**ENTRIES SHOWN**

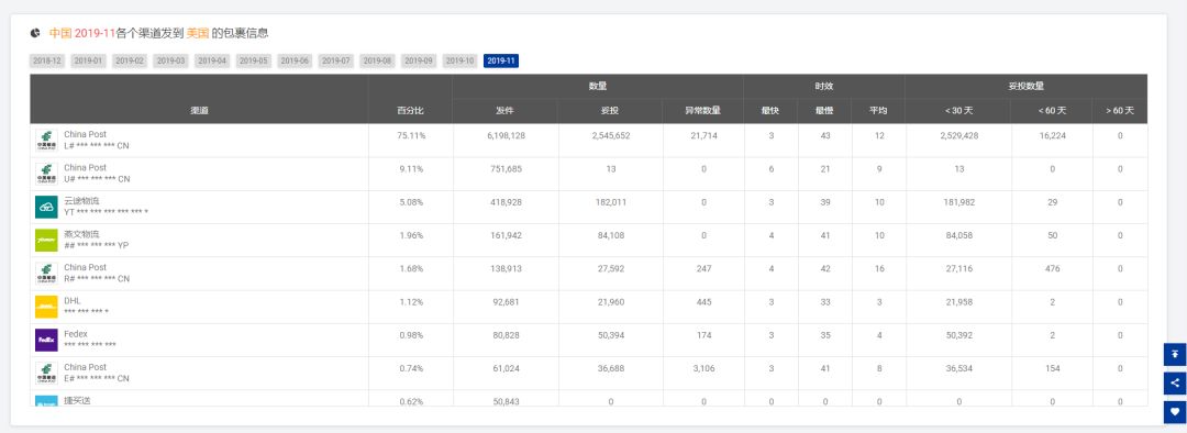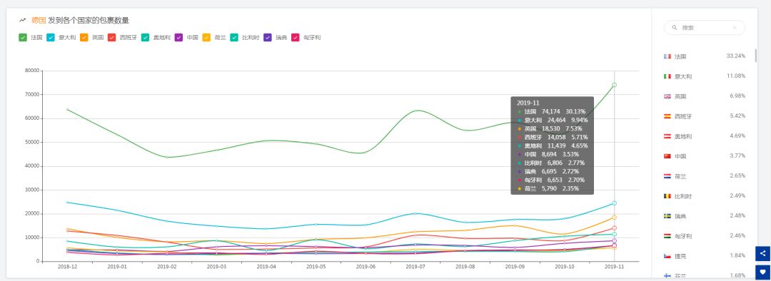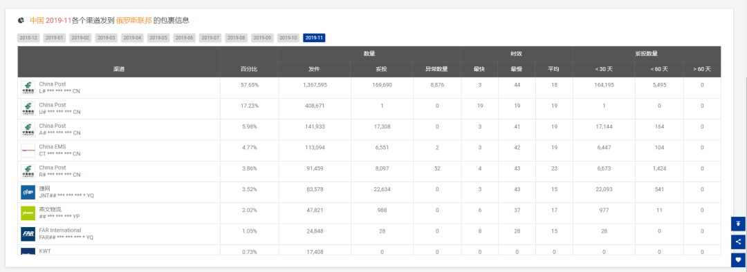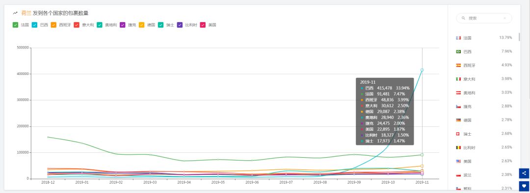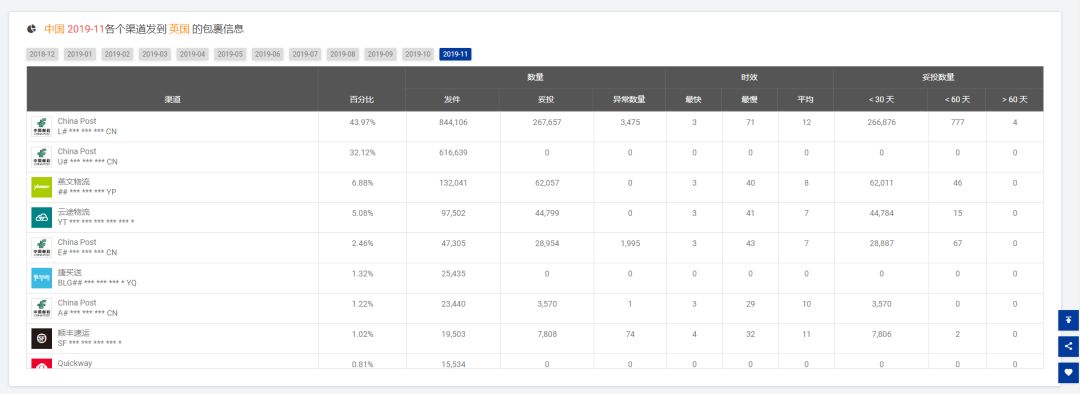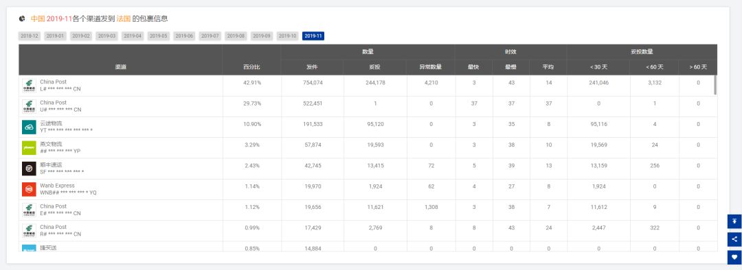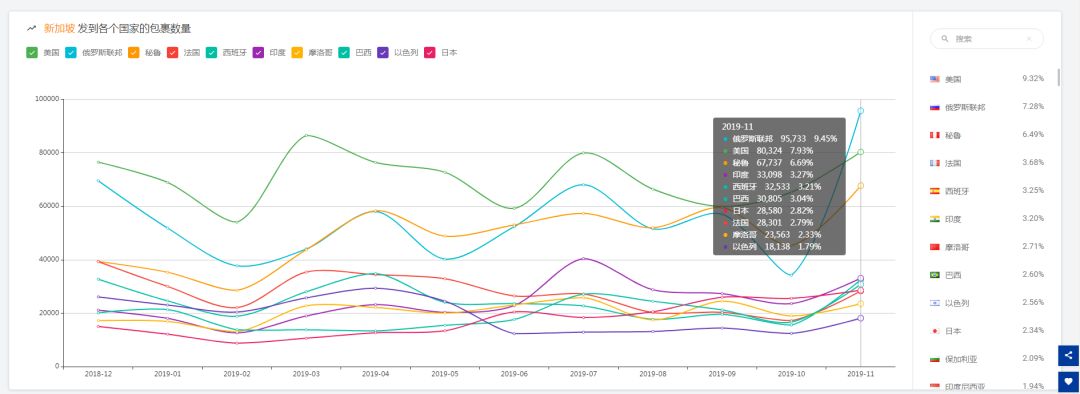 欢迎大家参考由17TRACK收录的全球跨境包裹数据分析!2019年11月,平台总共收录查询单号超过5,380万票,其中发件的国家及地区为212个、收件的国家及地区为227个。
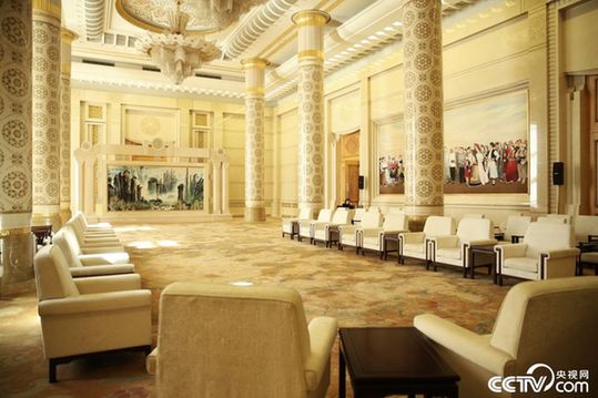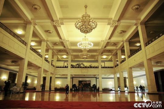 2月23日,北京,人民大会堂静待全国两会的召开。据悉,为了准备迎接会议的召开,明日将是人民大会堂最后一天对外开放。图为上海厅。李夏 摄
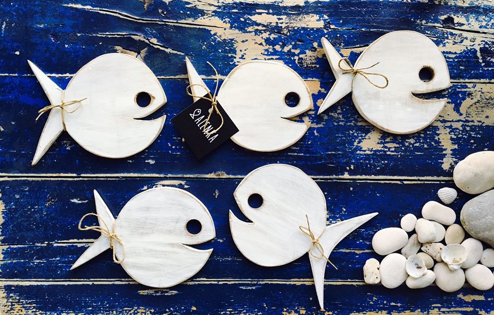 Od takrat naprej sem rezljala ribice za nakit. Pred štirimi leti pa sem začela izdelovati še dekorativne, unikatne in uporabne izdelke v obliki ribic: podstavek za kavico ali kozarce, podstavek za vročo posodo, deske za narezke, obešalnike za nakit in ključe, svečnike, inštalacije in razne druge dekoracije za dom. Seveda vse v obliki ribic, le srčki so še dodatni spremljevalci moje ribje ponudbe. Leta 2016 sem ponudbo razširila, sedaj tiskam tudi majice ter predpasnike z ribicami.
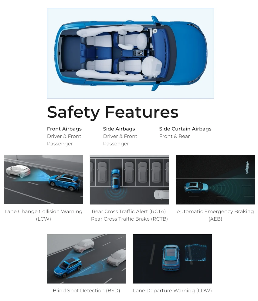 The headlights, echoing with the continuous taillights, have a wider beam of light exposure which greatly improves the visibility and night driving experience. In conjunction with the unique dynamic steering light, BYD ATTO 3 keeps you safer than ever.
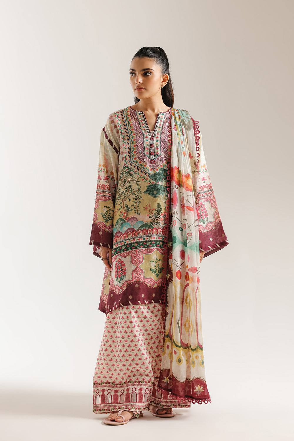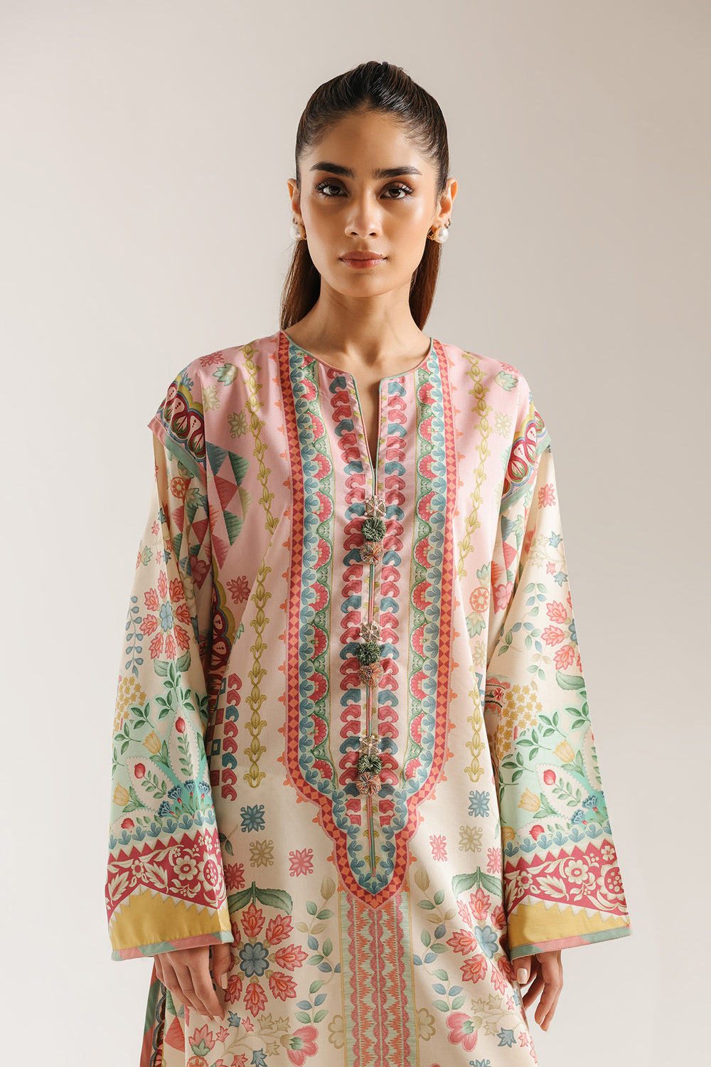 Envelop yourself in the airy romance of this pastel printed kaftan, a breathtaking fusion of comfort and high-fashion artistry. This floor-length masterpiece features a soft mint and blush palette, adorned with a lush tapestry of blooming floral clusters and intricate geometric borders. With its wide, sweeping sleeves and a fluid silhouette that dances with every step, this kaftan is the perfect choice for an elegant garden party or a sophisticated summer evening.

**TASK TO CARRY OUT**
Pictures stay out. Transcribe the lines from the start of the entries above through the line with "2月23日,北京,人民大会堂", exactly.

**RESULT BELOW**
 欢迎大家参考由17TRACK收录的全球跨境包裹数据分析!2019年11月,平台总共收录查询单号超过5,380万票,其中发件的国家及地区为212个、收件的国家及地区为227个。
 2月23日,北京,人民大会堂静待全国两会的召开。据悉,为了准备迎接会议的召开,明日将是人民大会堂最后一天对外开放。图为上海厅。李夏 摄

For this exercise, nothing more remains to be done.